In December 2016, I visited Barauli, a small village in District Aligarh, India where I had tea at the well-lit home of a Simpa Networks customer. A social enterprise, Simpa provides pay-as-you-go solar panel systems to households with inadequate access to power from the grid. The company installs a solar panel with lights and a fan—an alternative to unhealthy and unsafe kerosene lamps—for a very small down payment. Through a simple financing plan, customers can fully repay the cost of the system in monthly installments over two or three years. As a result, clean, reliable energy (and the well-being and economic opportunity that comes with it) is now within reach of people at the bottom of the pyramid—like the customer I visited, a driver and smallholder farmer.

Signal processing is the science behind Simpa’s sustainability. Two years ago, I led a team on a pro bono project to develop a predictive model of customer repayment behaviors based on signals captured in an application form. Specifically, we wanted to assess the risk of an applicant’s system being eventually repossessed due to payment delinquency, thus allowing Simpa to make better approval decisions. One operating point of the decision rule we developed could have reduced delayed payments by almost one-third while still accepting around 70% of the total customer pool.

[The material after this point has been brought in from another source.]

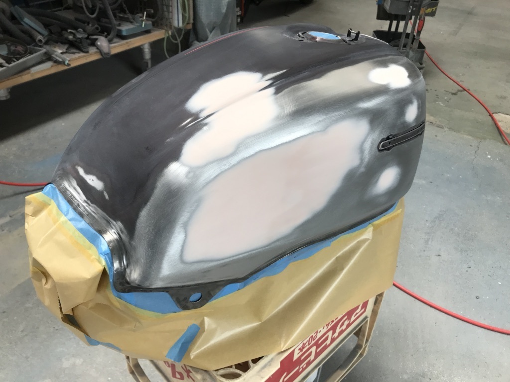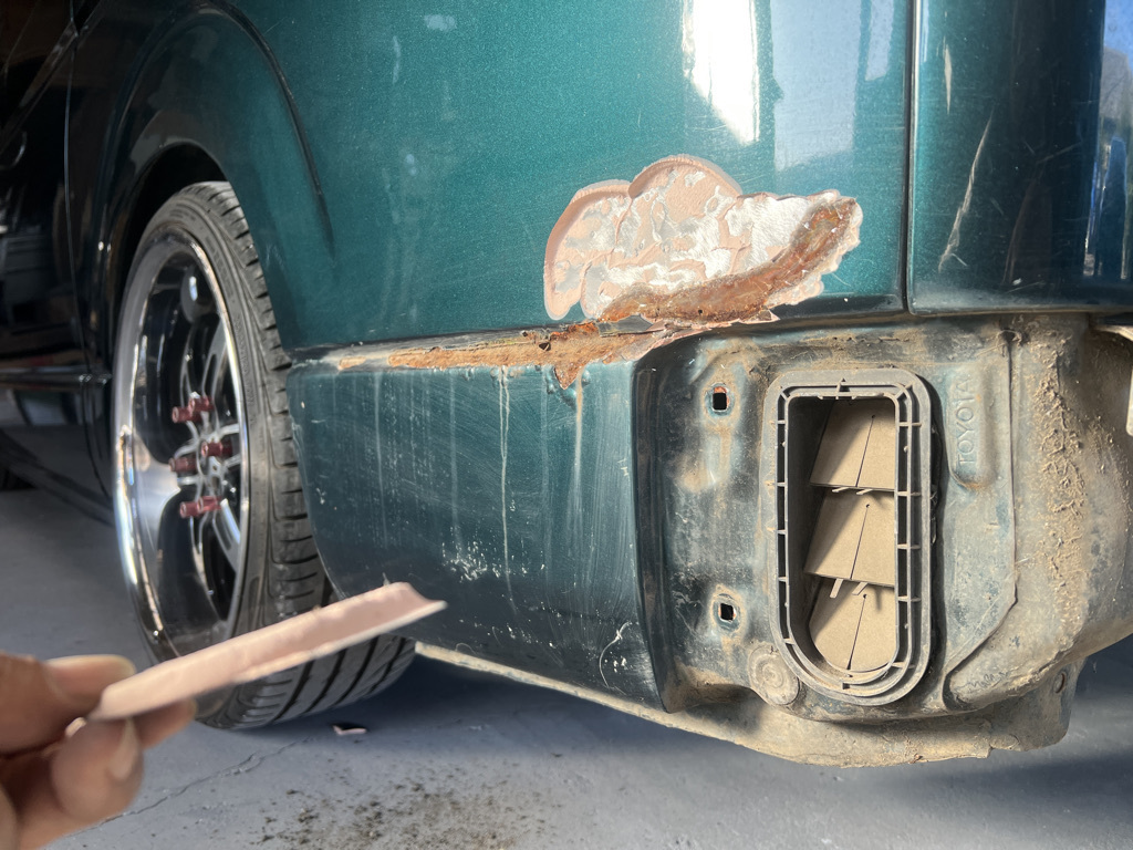 以前の鈑金修理時に脱脂などが十分にされてないと鉄板に付いた水分と反応して錆が出ますパテの厚みが厚ければ厚いほど症状は出にくいのですが・・・出てきてしまうと大変な事になる事が多いです、施工時の予算にもよりますが意外と低予算の方が鈑金屋さんは大変!なこともあります。今回もその大変な事に!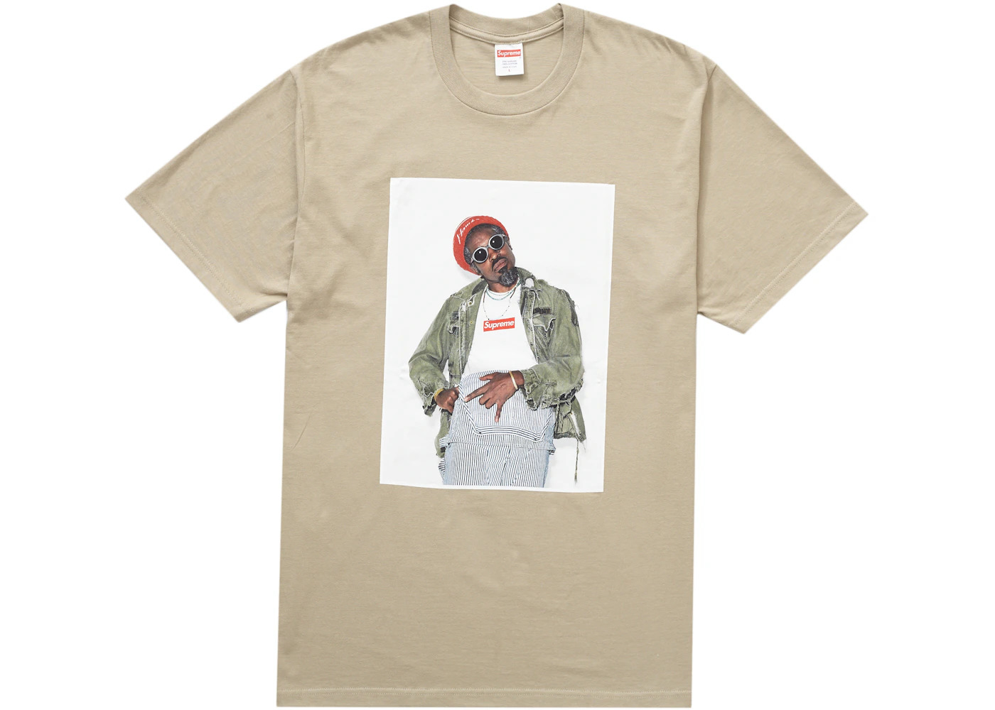 The Supreme Andre 3000 Tee Stone is constructed entirely out of cotton fibers, and is a hypoallergenic, breathable, organically sustainable, and absorbent garment. Additionally, this rounded neckline t-shirt comes in a stone hue color scheme. This stone-colored Andree 3000 tee from Supreme brand has a graphic depiction of musical artist Andre Benjamin displayed on the front side. The back of the tee has a single color. This t-shirt's other features include short sleeves as well as a boxy shape. The Supreme Andre 3000 Tee Stone was first released to the market on August 25th, 2022, at a suggested initial retail price of $54. - Season FW22 - Color Stone - Release Date 2022-08-25 - Retail Price 54 - Featured false

This project is a prime example of the “data for social good” movement: uplifting humanity by harnessing skills-based volunteering of data scientists (of which I would argue signal processing engineers and scientists are a subset) in combination with the subject matter expertise of non-governmental organizations (NGOs), social enterprises, and other similar organizations. At IBM Research, I codirect (with Saška Mojsilovic ́) a program that pairs student fellows with a team of researchers and an NGO partner to conduct social good projects. Through this program—the first of its kind in a corporate setting—we have evaluated the effectiveness of programs fighting childhood diarrhea, found causal factors on the innovativeness of countries, and created a recommender system on the attributes of large philanthropic projects. Additionally, we’ve predicted species of primates likely to be reservoirs of the Zika virus, built tools to automatically retrieve and classify news articles on humanitarian crises, and developed cognitive technologies to accelerate open scientific discovery such as cures for multiple sclerosis—all using signal processing and related techniques.

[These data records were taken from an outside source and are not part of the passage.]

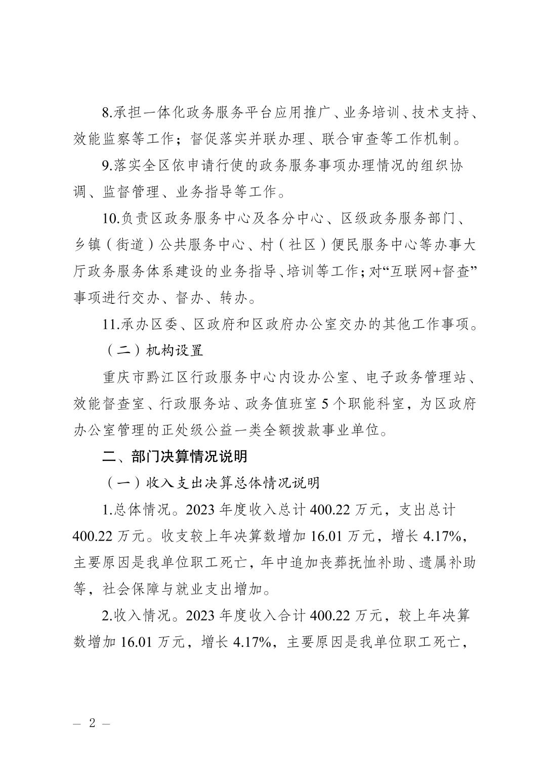 重慶市黔江區行政服務中心2023年度決算公開說明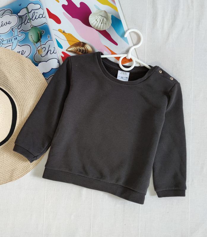 сірий світшот вільного крою від Zara для дівчинки 3/4 років на зріст 104 см, тканина котон, збоку з рюшами, ПО грудей 33 см, довжина 38 см, рукав 30 см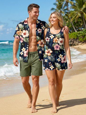 Tenues Hawaïennes Assorties> Ensemble hawaïen assorti chemise et barboteuse grande taille, tenue de plage à imprimé floral tropical et hibiscus pour couples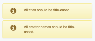 This warning appears if a title, creator, contributor, or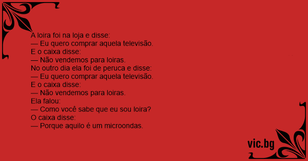 Um dia uma loira foi numa loja conprar uma televisao e pergunta para o comerciante: Quantovale essa tv???? O comerciante responde não vendemos!!! Ai a lora foi en casa e pintou o cabelo de ruivo...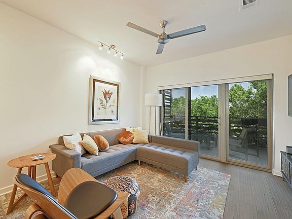 Spacious and modern condo on South Lamar has 1 bedroom with an en suite bathroom plus an additional small bedroom that is best used as an office or guest bedroom. There is also a half bath for guests. The beautiful kitchen opens to the living and dining space. Enjoy evenings on your private balcony overlooking the treetops below. The large primary bedroom features remote controlled window shades and built-ins within the primary closet. Condo comes unfurnished. This light and bright unit is on the 3rd floor of the GreenView condo complex, a high end building with tons of amenities in the heart of South Austin, including a huge infinity pool with outdoor kitchen overlooks the greenbelt and a dog park. One reserved, gated garage parking spot included. Refrigerator, washer, dryer included. Pop out your front door to grab a coffee at Barley BeanCoffee or dinner at Easy Tiger next door. Be on 71/290, Mopac or 360 within minutes. Or head to South Congress or Downtown, all within a 10-15 minute drive. Location cannot be beat! HOA requires lead time to schedule move-in date, a $500 refundable security deposit and a $205 move-in fee paid to the HOA.

The University of Chicago pioneered the concept of the Data Science for Social Good Summer Fellowship, which continues to spread in the academic setting with similar programs now offered at Georgia Tech and the University of Washington. Corporations and research organizations, like Two Sigma and Draper Laboratory, are following suit. Bloomberg hosts an annual conference on the topic. DataKind is a nonprofit that connects NGOs with volunteer teams to conduct projects in their spare time—this is how I worked on the Simpa project and another project using satellite image analysis of Kenyan households’ roofs to estimate poverty. DrivenData conducts online competitions to solve social good problems.

Fundamental signal processing theory and methods, when applied to non-traditional application areas, can change the world for the better. We have a unique opportunity to talk with NGOs, understand their most pressing needs, and use signal and information processing tools to create appropriate solutions.  This is not a pipe dream but a reality.

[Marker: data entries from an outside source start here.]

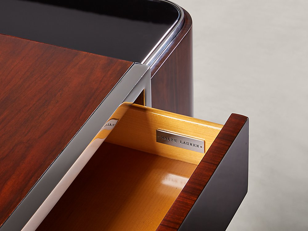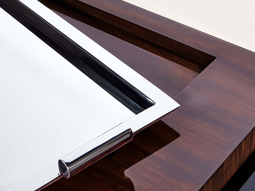 - Beautifully crafted from kiln-dried hardwood and hand-selected Santos Rosewood veneers. Removable rim and tray in polished stainless steel.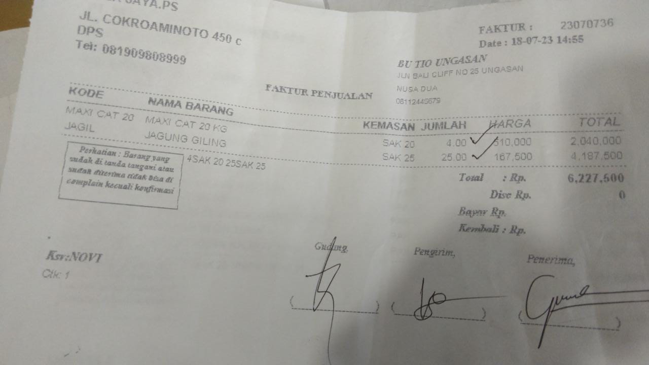 Kami juga ingin mengabarkan bahwa bantuan dana dari TemanBaik sudah digunakan dengan baik untuk pembelian beras jagung (shelter Selatan), beras jagung (shelter Gunung Agung), cat food, pembayaran gaji staf untuk 2 orang selama 1 bulan.
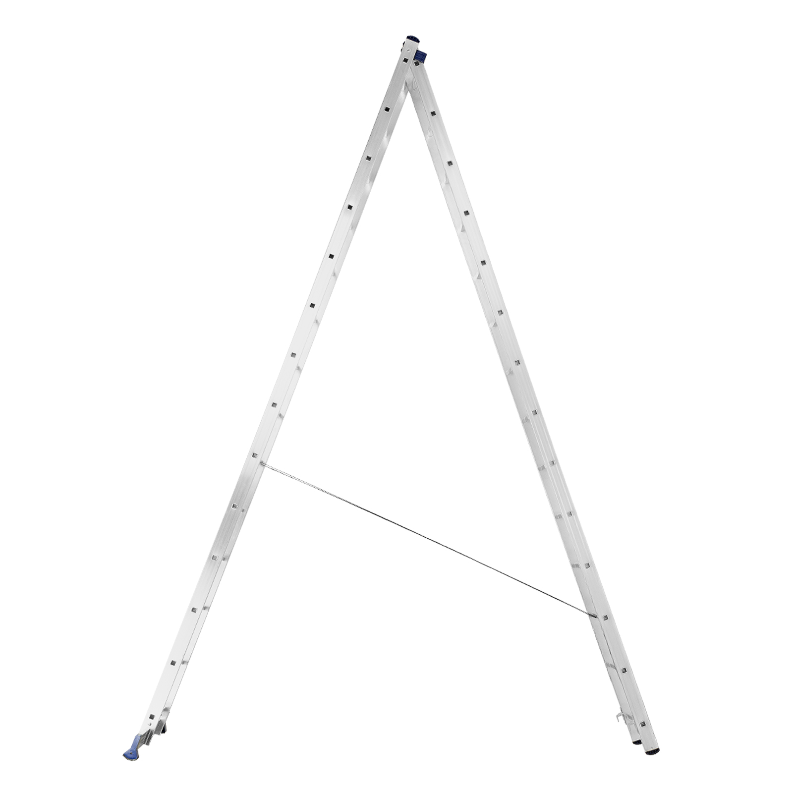- Устойчивость — благодаря съемному стабилизатору лестница ровно стоит на горизонтальной поверхности.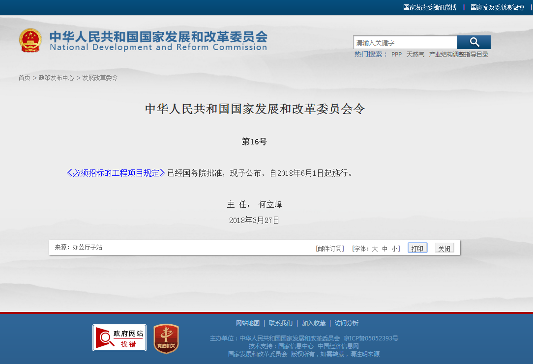 《必須招標的工程項目規(guī)定》已經(jīng)國務院批準,現(xiàn)予公布,自2018年6月1日起施行。

Acknowledgment: This article originally appeared in the online blog of the IEEE Signal Processing Society on 7 February 2017.

Author: Kush R. Varshney (krvarshn[at]us.ibm[dot]com) received his B.S. degree (magna cum laude) in electrical and computer engineering with honors from Cornell University in 2004. He received his S.M. degree in 2006 and his Ph.D. degree in 2010, both in electrical engineering and computer science from the Massachusetts Institute of Technology. He is a research staff member and manager in the Data Science Department at the IBM Thomas J. Watson Research Center. He also codirects the IBM Social Good Fellowship Program.